Ultra-high-performance heat spreader based on a graphite architecture with three-dimensional thermal routing

Authors
Bin Xu, Yuxuan Liao, Zhenglong Fang, Keisuke Nagato, Takashi Kodama, Yasushi Nishikawa, Junichiro Shiomi

Summary
To meet the increasing demand for highly efficient heat dissipation in power electronics, a heat spreader that has significantly greater isotropic thermal conductivity than the commonly used copper (400 W/m·K) should be developed. Although graphite is a promising candidate because of its high basal-plane thermal conductivity, its application is restricted by its low c axis thermal conductivity. This issue can be resolved by transforming graphite into an isotropic thermal conductor by building a structure that can effectively route heat in all three dimensions.
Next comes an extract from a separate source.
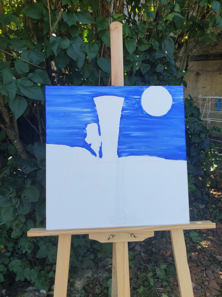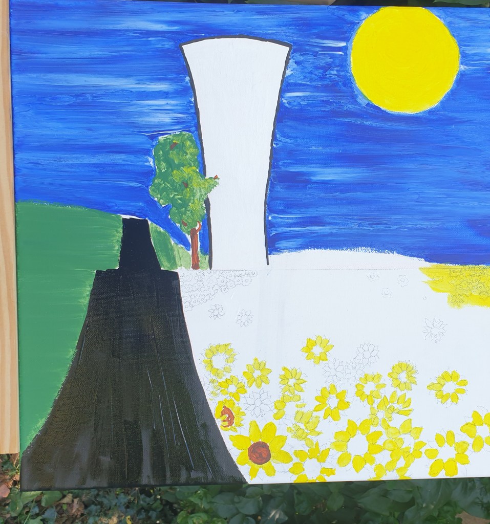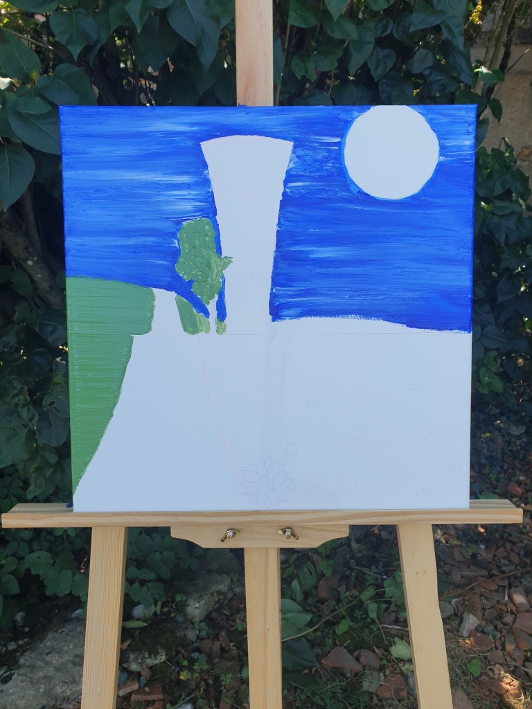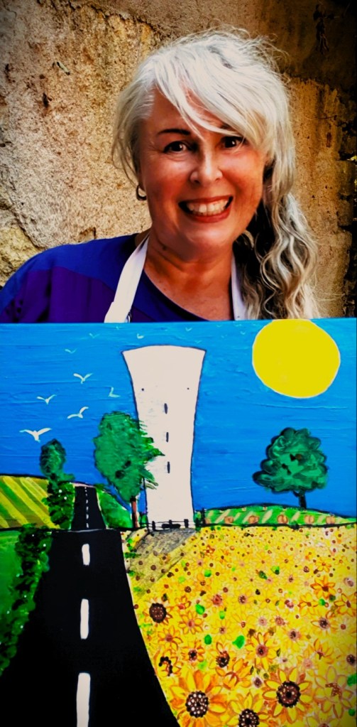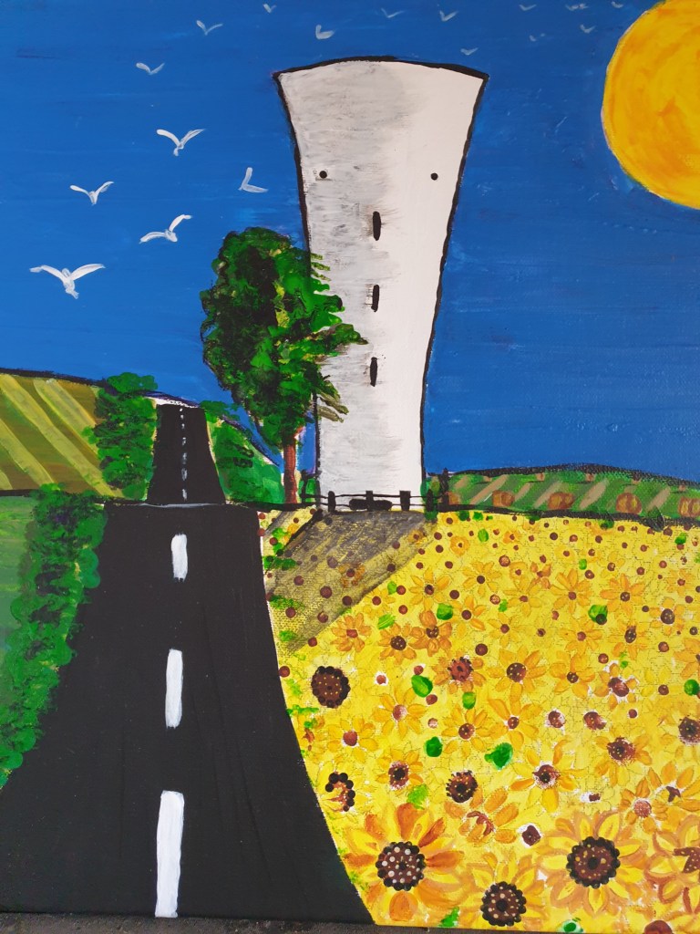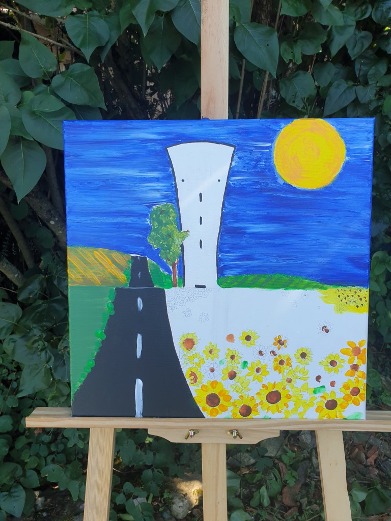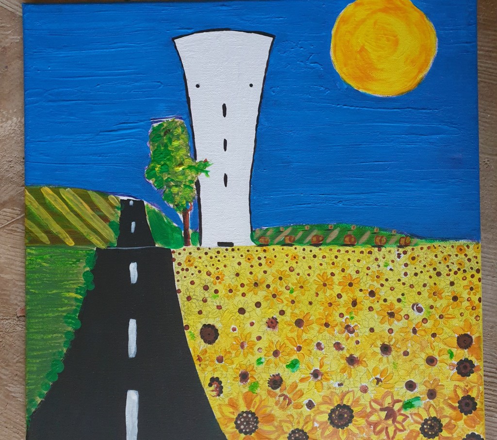 Op de route van Châttillon-en-Bazois via Alluy naar Saint-Saulge staat de watertoren met het gezicht (Château d’eau) die me iedere keer opnieuw lijkt te begroeten. Alsof er een vriendelijk gezicht op getekend is dat naar buiten kijkt, een herkenning, elke dag weer. Ik rij er bijna dagelijks langs en al vanaf het allereerste moment wist ik: deze moet ik vastleggen. Dat is dan de creatieve kunstenares in mij, die haar penselen wil pakken en de watertoren wil vereeuwigen.

Herein, we develop a double-decker structure with differently oriented graphite layers to realize high heat dissipation from a local heat source. The critical issue of bonding the graphite layers is overcome by a high-temperature process using Cu as the binding layer. The graphite/Cu composite efficiently dissipates heat nearly isotropically and performs as well as an isotropic conductor with a thermal conductivity of 900 W/m·K.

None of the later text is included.